Traders selling magic mushrooms could be jailed despite the fact it is legal to sell them in their natural state, the Home Office says.
Magic mushrooms are treated as a Class A drug when 'processed'
It is only illegal to possess or supply magic mushrooms that have been "processed", such as frozen or dried.
Numerous online and high street traders have begun operating in recent months.
But the Home Office has looked at the law and now believes "if fresh magic mushrooms are packaged as a product and are offered for sale that is unlawful".
A Home Office spokesman said: "It is an operational matter for the police whether or not to initiate a prosecution. If they decide to do so, it would then be a matter for the courts to determine whether any misuse of drugs offence has been committed".
Magic mushrooms contain the substances psilocin and psilocybin, and these are controlled as a Class A drugs in "processed" mushrooms.
Most common form is Liberty cap (Psilocybe semilanceata)

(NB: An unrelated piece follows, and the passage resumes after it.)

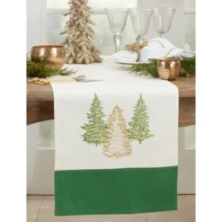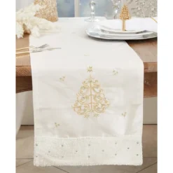 White Snowflakes Table Runner – Saro Lifestyle: Elegant Holiday Decor, Machine Washable, Polyester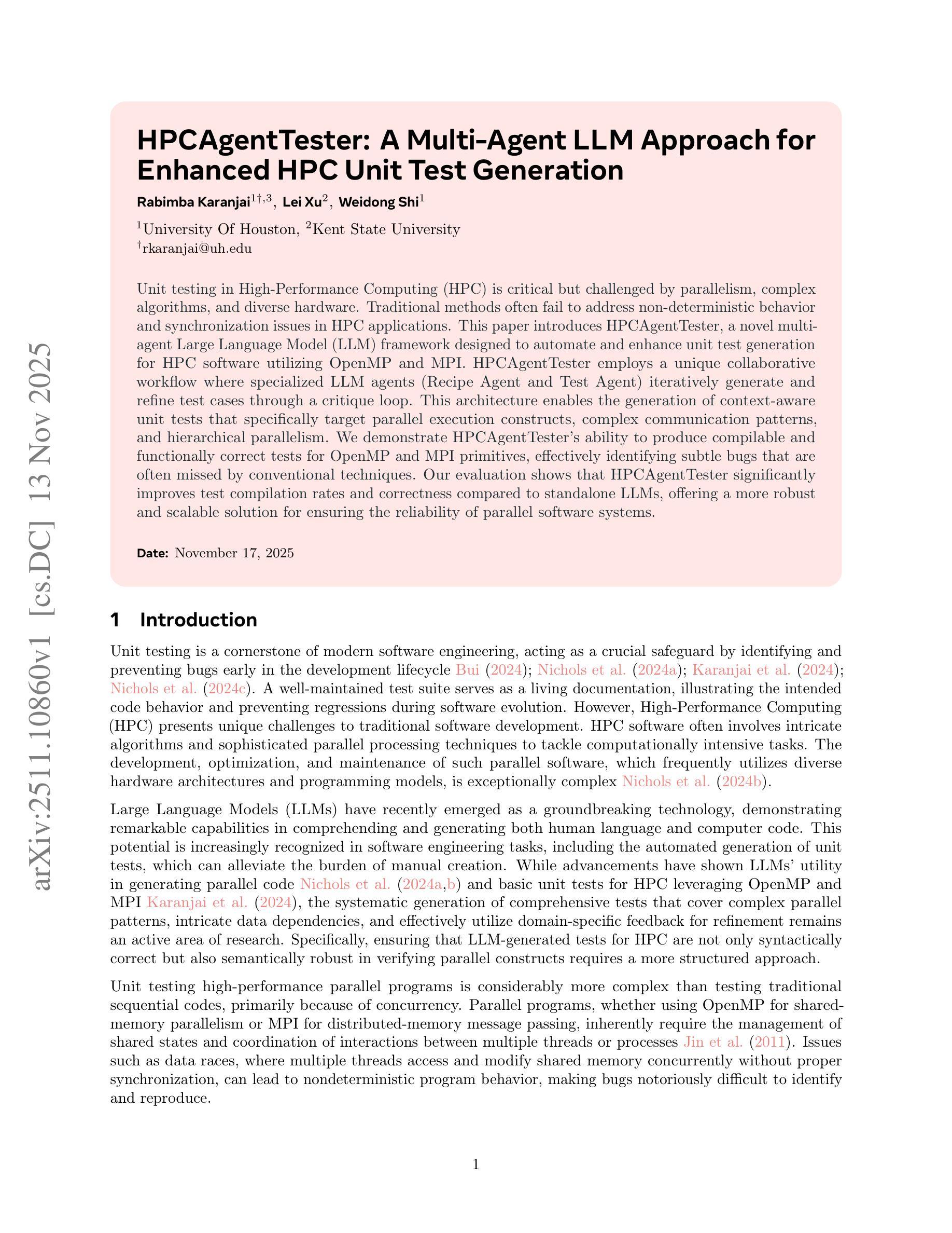 高性能计算(HPC)中的单元测试至关重要,但面临并行性、复杂算法和多样硬件的挑战。传统方法往往无法解决HPC应用程序中的非确定性行为和同步问题。本文介绍了HPCAgentTester,一种新型多智能体大型语言模型(LLM)框架,旨在利用OpenMP和MPI自动化和提高HPC软件的单元测试生成。HPCAgentTester采用独特的协作工作流程,专用LLM智能体(配方智能体和测试智能体)通过评审循环迭代生成和细化测试用例。此架构能够生成针对并行执行结构、复杂通信模式和层次并行的上下文感知单元测试。我们证明了HPCAgentTester能够为OpenMP和MPI基本组件生成可编译和功能正确的测试,有效地发现传统技术常忽略的细微错误。我们的评估显示,与独立LLM相比,HPCAgentTester显著提高测试编译率和正确性,为并行软件系统提供更为稳健和可扩展的可靠性保证解决方案。

Can be eaten raw, dried, cooked in food or stewed in tea
Similar effects to LSD, though shorter, milder "trip"
Can make people feel sick, tired and disoriented
People convicted of supplying them could be jailed for life and face an unlimited fine. A possession conviction could earn seven years in jail and a fine.
National Drug Prevention Alliance director Peter Stoker said that eliminating magic mushroom trading would be "a move in the right direction".

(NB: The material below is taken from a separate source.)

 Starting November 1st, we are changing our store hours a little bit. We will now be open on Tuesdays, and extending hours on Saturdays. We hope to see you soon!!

"We need to look at [magic mushrooms] in the same way as other drugs of abuse," he said.
"With any kind of intoxication you have got risks of accident either to the person involved or to other people and that has got to be a health and safety issue.
"But the main thing is that it is the thin end of the drug abuse wedge. It preconditions people to getting their highs and kicks in life by putting toxic chemicals inside themselves."

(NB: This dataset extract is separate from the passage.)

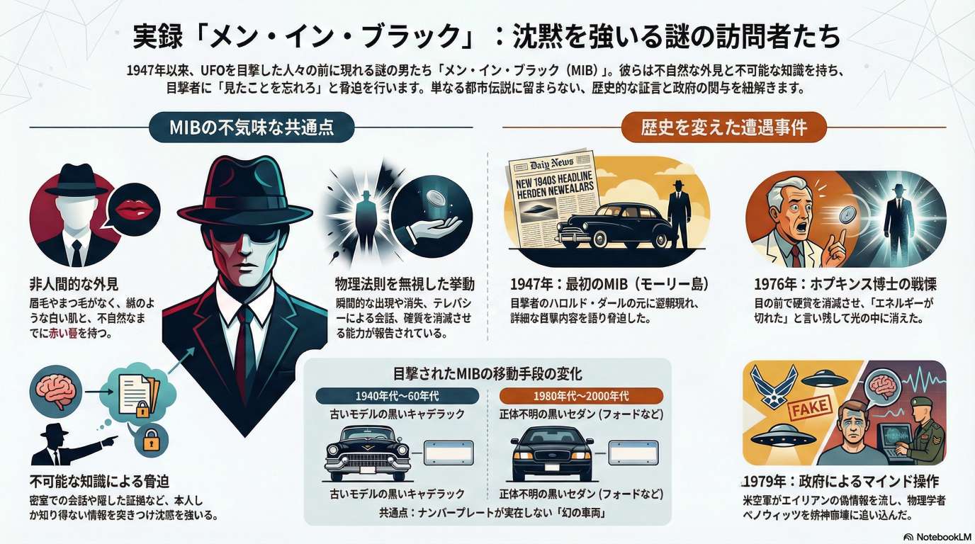 謎のメン・イン・ブラックは、UFO目撃者を脅迫・沈黙させる不気味な存在です。肌が蝋のようで、機械的な声や異常な知識を持つ彼らは、1947年のモーリー島事件から現代まで世界中で報告されています。

But Chris Territt, business manager of magic mushroom retailer Psyche Deli, said: "Whilst the government is moving to relax the laws on cannabis in order to free up police time, this seems to be a contradictory move.
"We would obviously welcome regulation or licensing to bring the industry up to recognised standards, but a total ban would be incredibly draconian.
"We do not sell to under-18s and we give all our customers all the advice they need to enjoy mushrooms in a responsible way."
He added that Psyche Deli had received a ruling from Customs and Excise saying that the sale of fresh psilocybe mushrooms was liable for VAT.
"If the government is taking 17.5% of every transaction we make, how can they say our product is not legal?"